Source records

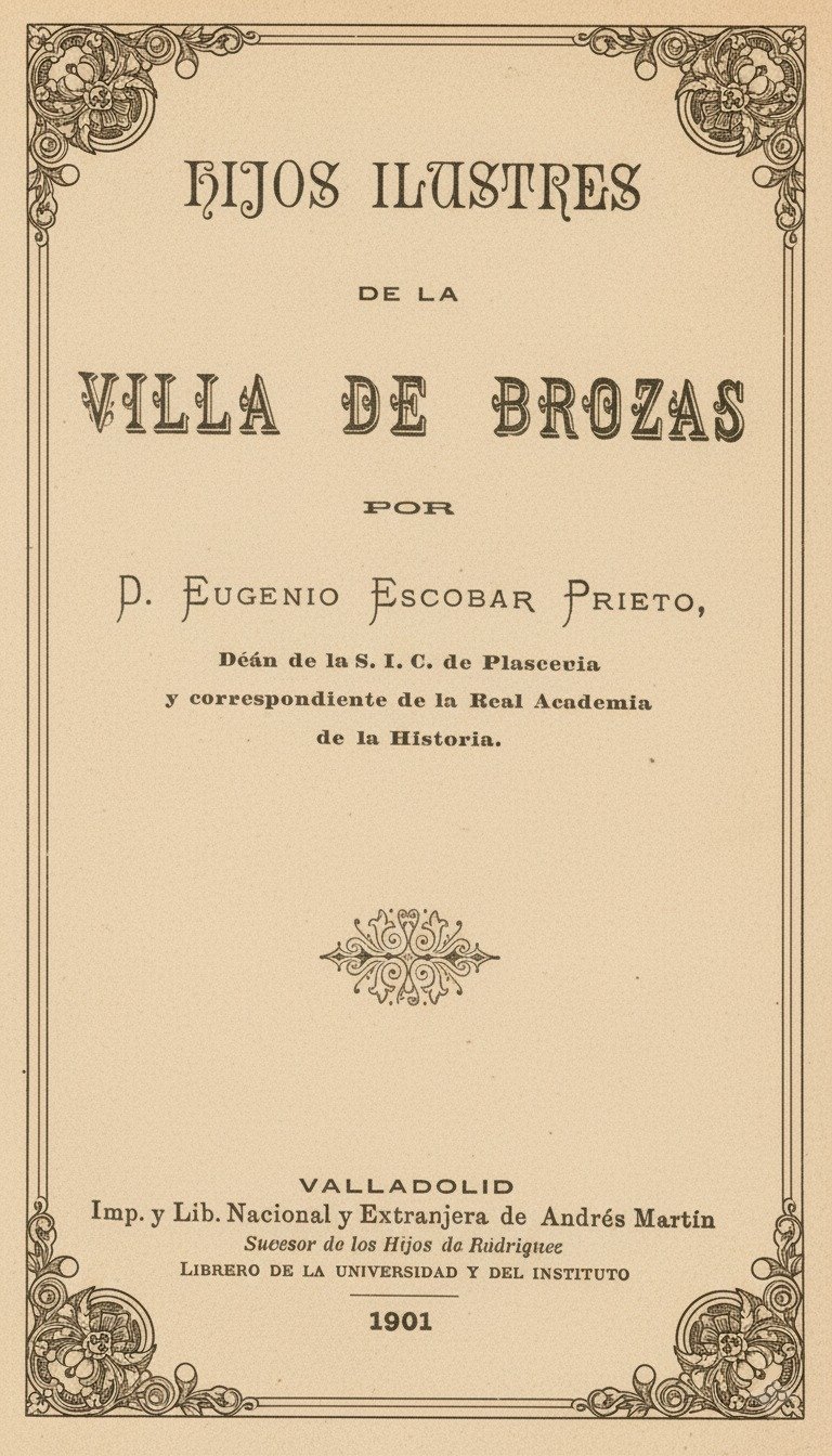 Hay un índice de autores y de personas que tratan estos temas, entre los que tengo el honor de encontrarme al hablar de Eugenio Escobar Prieto, el autor que publicó en 1901 en Valladolid el libro de “Hijos ilustres de la villa de Brozas”, y del que se conoce muy poco en el pueblo. Rebuscando y rebuscando he encontrado dos imágenes suyas, además de la pequeña biografía que reseña González Manzanares y que replico a continuación:
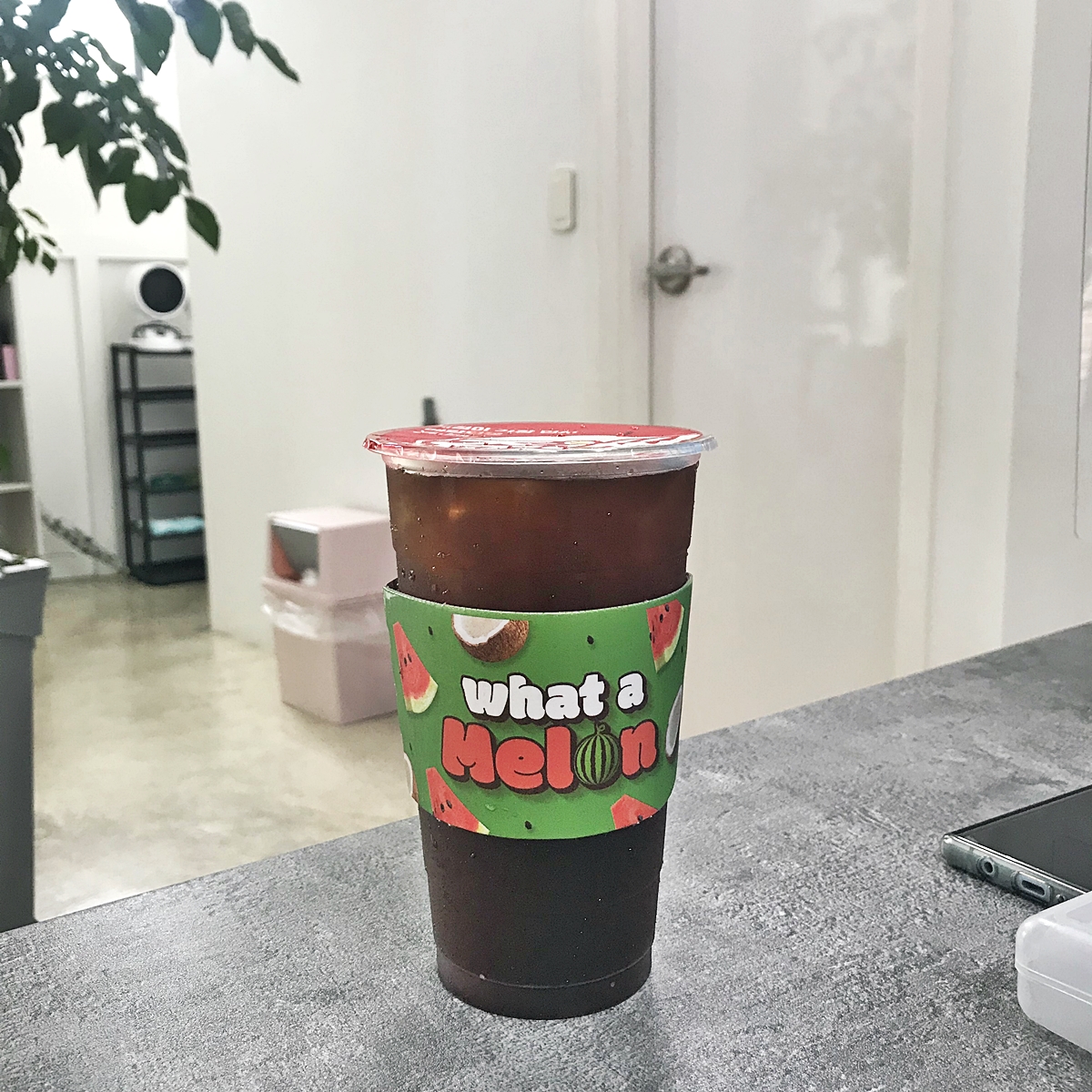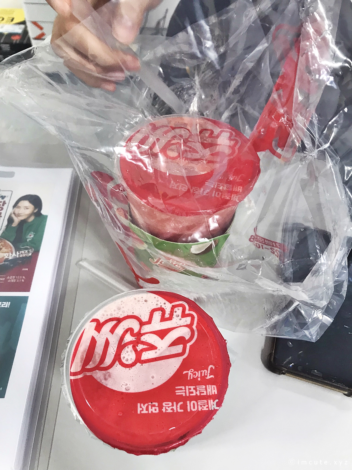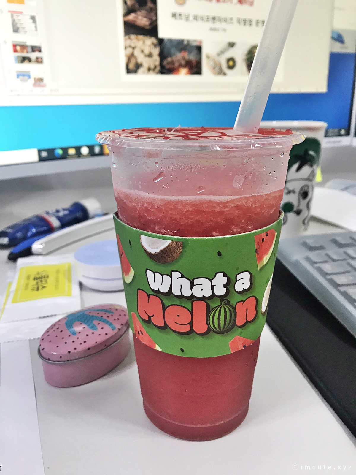 What a melon이라고 써 있는 컵홀더!! 차가워지니까 쫌 불어터졌지만 그래두 너무너무 이쁘죠. 마치 쩐쭈나이차 (버블티)먹을 때처럼 위에 저렇게 막아줘요.
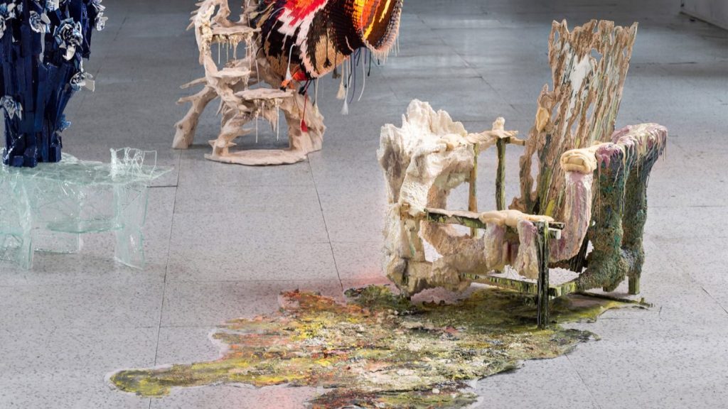 Një karrige aspak e zakonshme është krijuar nga Bower Studios në New York. Është një bazë metalike dhe sipër saj është vendosur beton. Deri këtu duket normale. E veçanta qëndron se duket sikur betoni po shkrin dhe bie duke u palosur në dysheme.
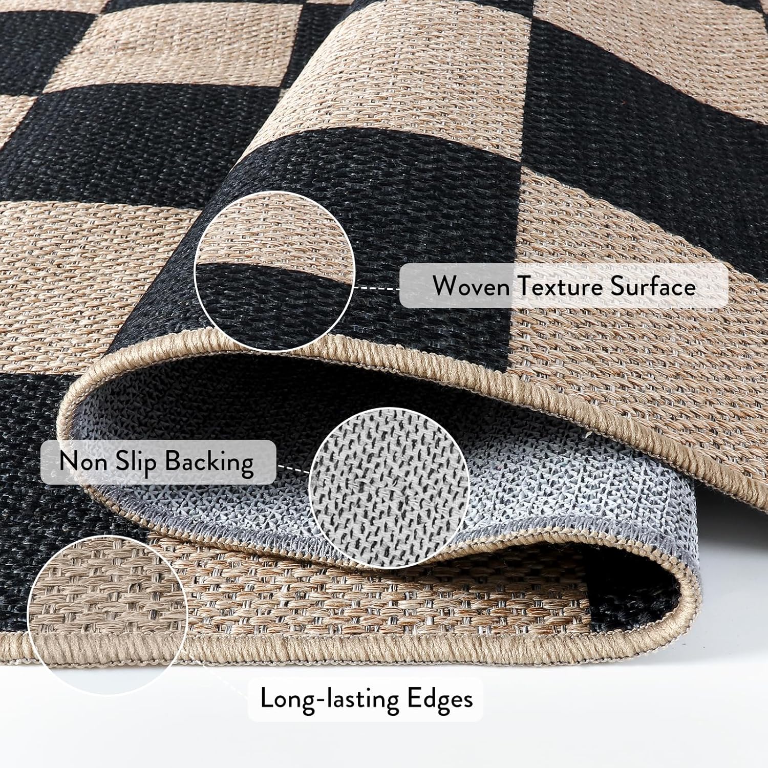 Lahome Checkered Easy Jute Runner Rug, 2x6 Kitchen Runner Rug Non Slip Washable Outdoor Carpet for Entryway Indoor, Checkerboard Black Indoor Outdoor Carpet Runners for Hallway 6ft Entry
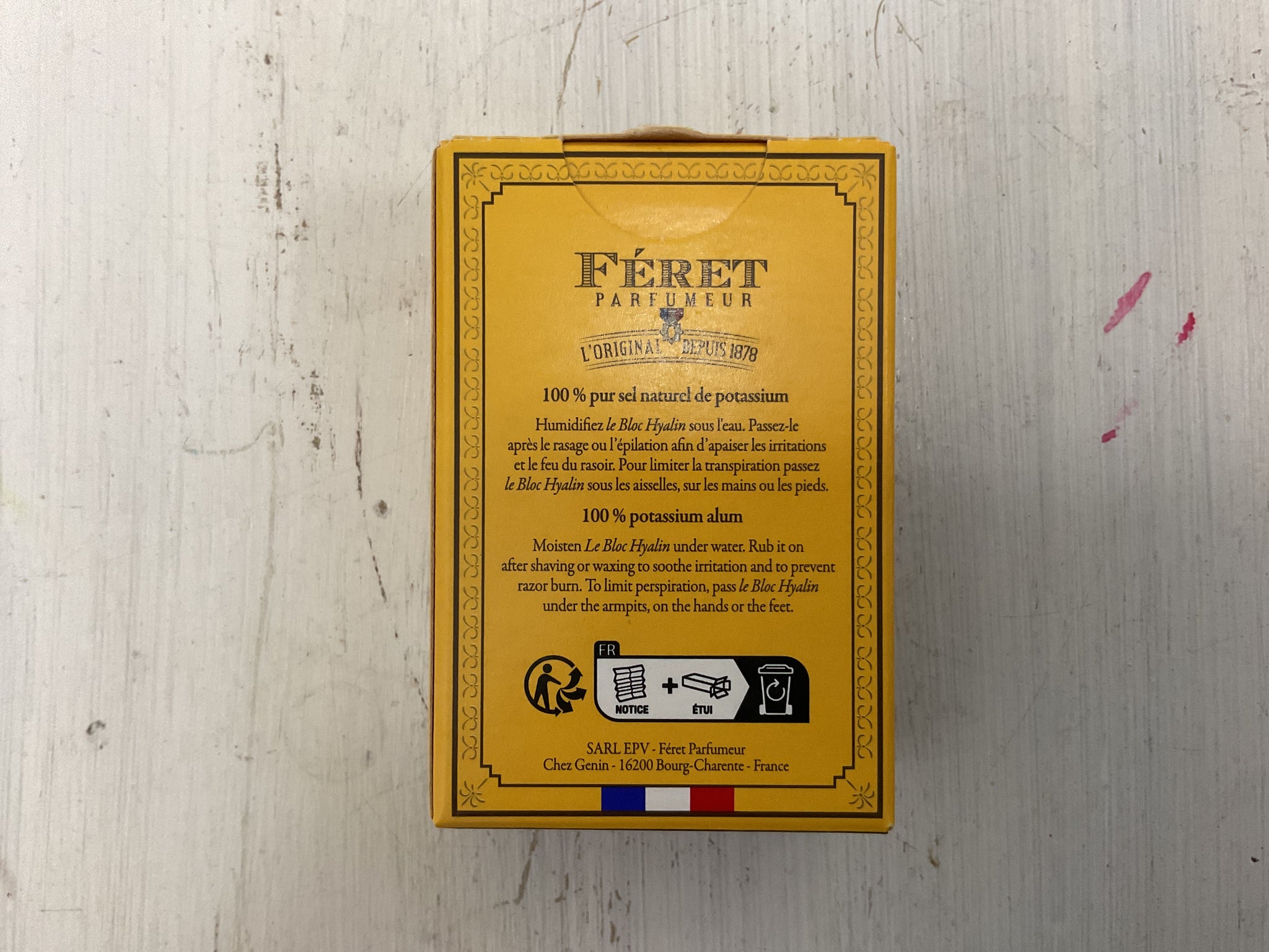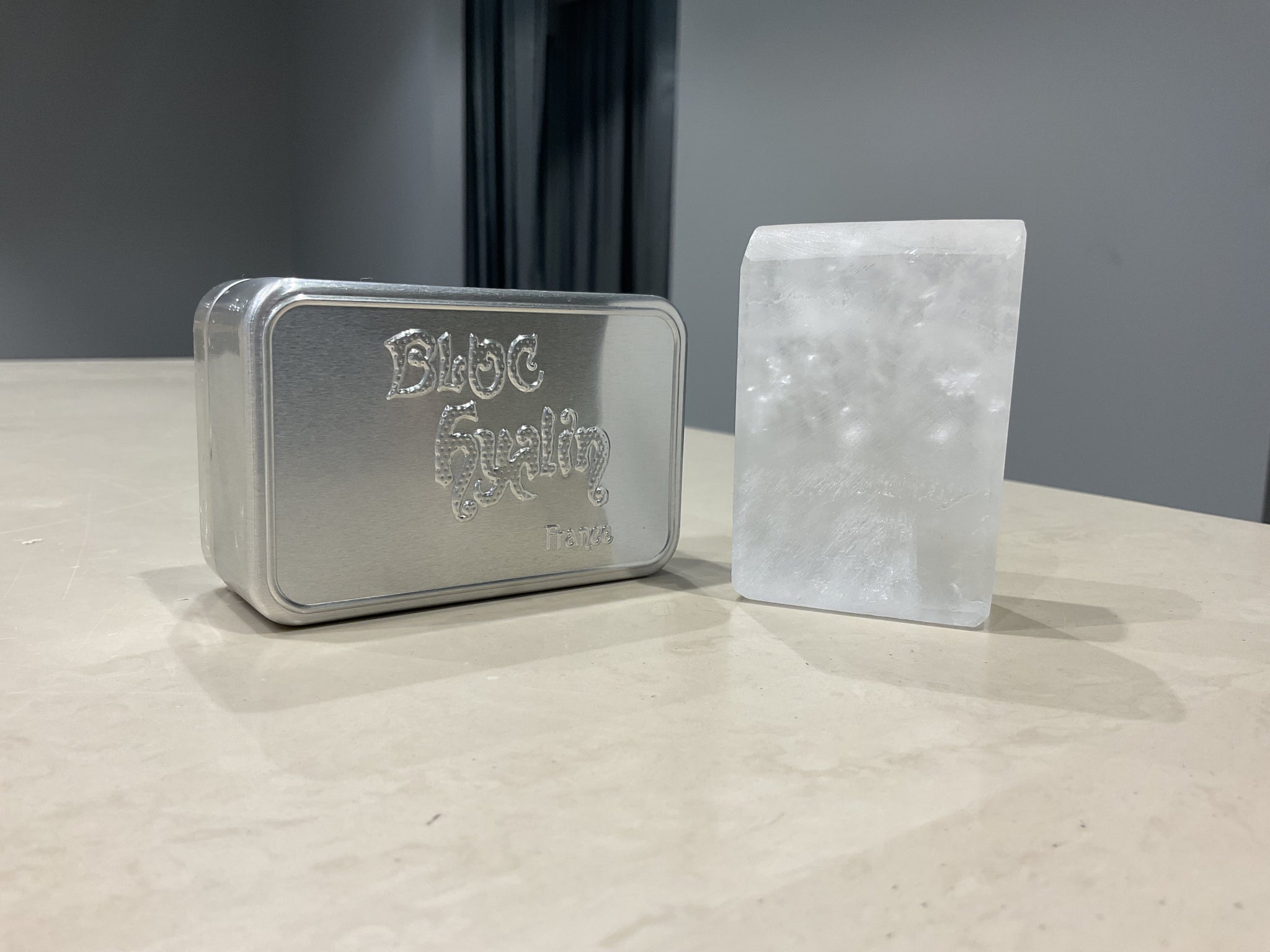 First brand in the world registered in France and abroad, The Hyaline Bloc has often been imitated, never equalled. You will recognize Le Bloc Hyalin by its slightly translucent appearance and by the mention “potassium alum” in the product ingredients. We recognize the real Hyaline Block visually by its marbled and somewhat transparent appearance, which qualitatively distinguishes it from synthetic alum stone with an opaque appearance (ammonium alum).

REQUIREMENT :: What is needed is an exact restatement of every line from the line containing "Lahome Checkered Easy" through the last line of the records, minus any pictures.

RESPONSE ::
 Lahome Checkered Easy Jute Runner Rug, 2x6 Kitchen Runner Rug Non Slip Washable Outdoor Carpet for Entryway Indoor, Checkerboard Black Indoor Outdoor Carpet Runners for Hallway 6ft Entry
 First brand in the world registered in France and abroad, The Hyaline Bloc has often been imitated, never equalled. You will recognize Le Bloc Hyalin by its slightly translucent appearance and by the mention “potassium alum” in the product ingredients. We recognize the real Hyaline Block visually by its marbled and somewhat transparent appearance, which qualitatively distinguishes it from synthetic alum stone with an opaque appearance (ammonium alum).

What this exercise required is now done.